EXERCISE INSTRUCTIONS: Each and every line below goes into your answer unchanged, but leave out the images.

DATA SHOWN:
※ ※ ※
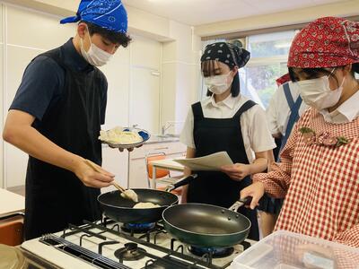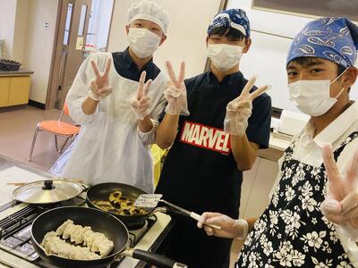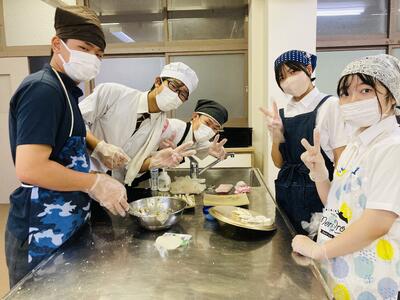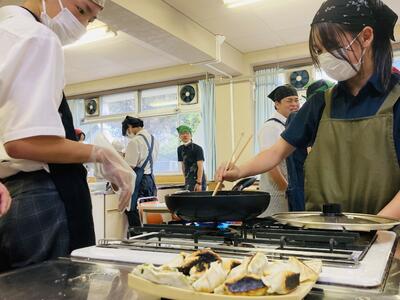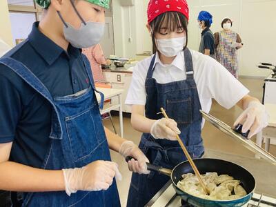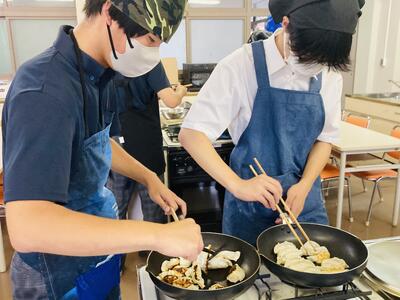 まずはボールの中に挽肉、ニラ、キャベツ、ニンニク、調味料などを混ぜ合わせ餡を作る工程から実習はスタート…。そしてその餡をギョウザの皮に包み形を整えていきます。売り物に近い芸術的なギョウザから個性豊かなギョーザまで様々なギョーザがお皿に並べられていきます。そして、熱したフライパンにギョウザを投入…生徒たちは楽しそうにその実習に取り組んでいきます。しかし、ここから数々のハプニングが…白煙があがり「あっ、真っ黒に焦げてるー!」「ギョーザ詰め込み過ぎー!」と柴原先生の声が鳴り響いたと思いきや、ひっちゃかめっちゃかの班が続出。真剣に取り組んでるがゆえに見ていて笑ってしまいましたが、なんとか各班ごとに焼きギョーザが完成し給食の一品として美味しくいただきました。めでたし、めでたし。
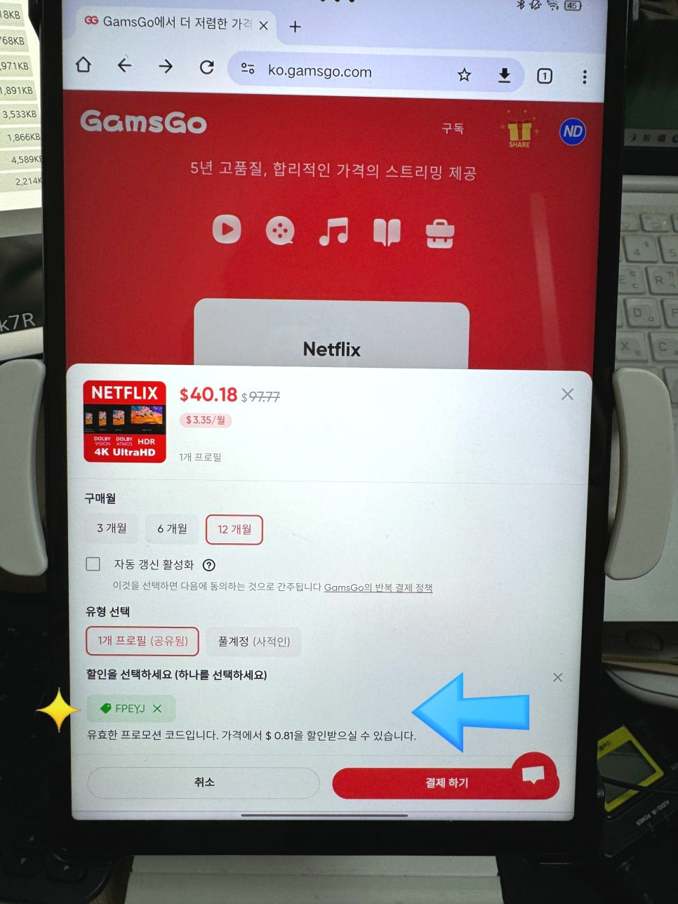 GamsGo 가입 → 스포티파이 선택 → 12개월 구독 선택
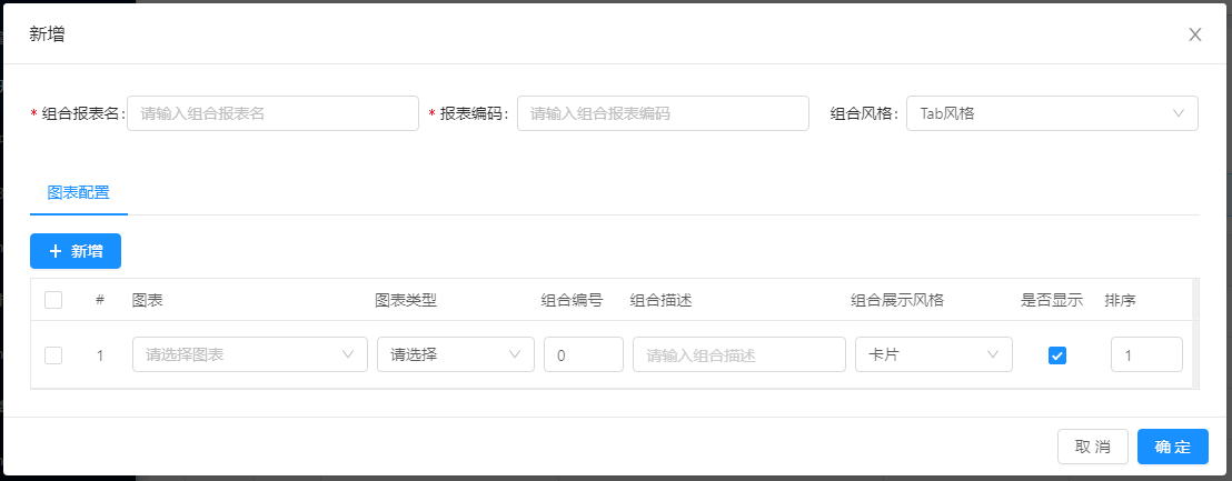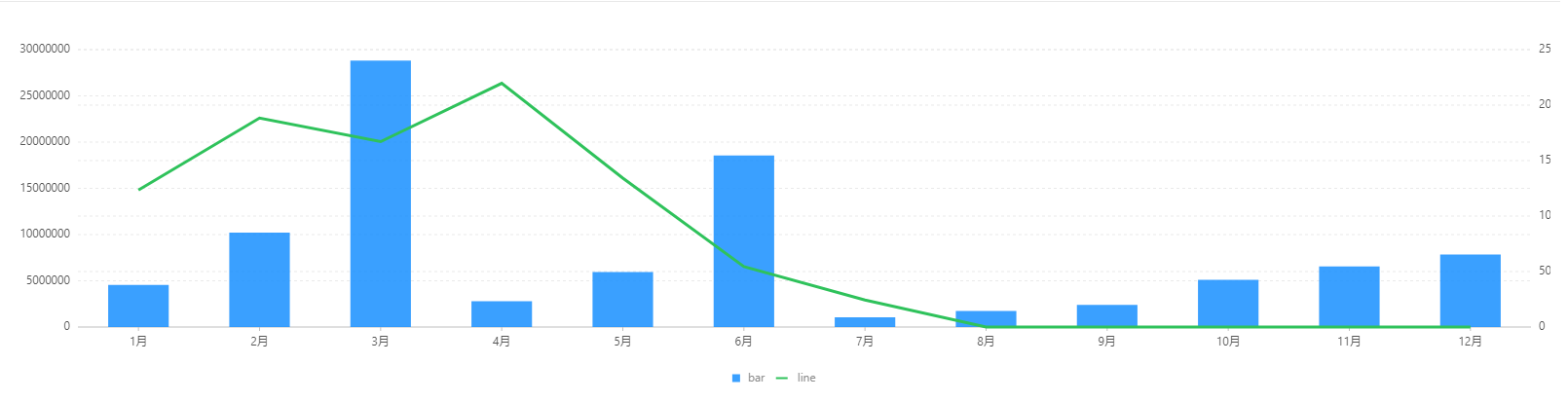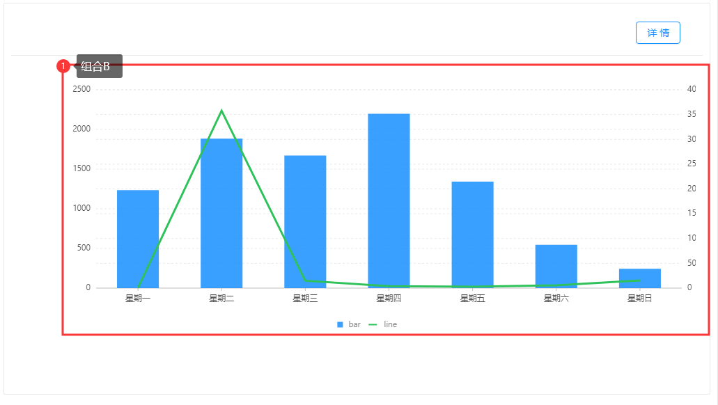 组合报表就是将两个报表合成一个报表,分别展示为柱状图和曲线图
※ ※ ※
WRITTEN SOLUTION:
 まずはボールの中に挽肉、ニラ、キャベツ、ニンニク、調味料などを混ぜ合わせ餡を作る工程から実習はスタート…。そしてその餡をギョウザの皮に包み形を整えていきます。売り物に近い芸術的なギョウザから個性豊かなギョーザまで様々なギョーザがお皿に並べられていきます。そして、熱したフライパンにギョウザを投入…生徒たちは楽しそうにその実習に取り組んでいきます。しかし、ここから数々のハプニングが…白煙があがり「あっ、真っ黒に焦げてるー!」「ギョーザ詰め込み過ぎー!」と柴原先生の声が鳴り響いたと思いきや、ひっちゃかめっちゃかの班が続出。真剣に取り組んでるがゆえに見ていて笑ってしまいましたが、なんとか各班ごとに焼きギョーザが完成し給食の一品として美味しくいただきました。めでたし、めでたし。
 GamsGo 가입 → 스포티파이 선택 → 12개월 구독 선택
 组合报表就是将两个报表合成一个报表,分别展示为柱状图和曲线图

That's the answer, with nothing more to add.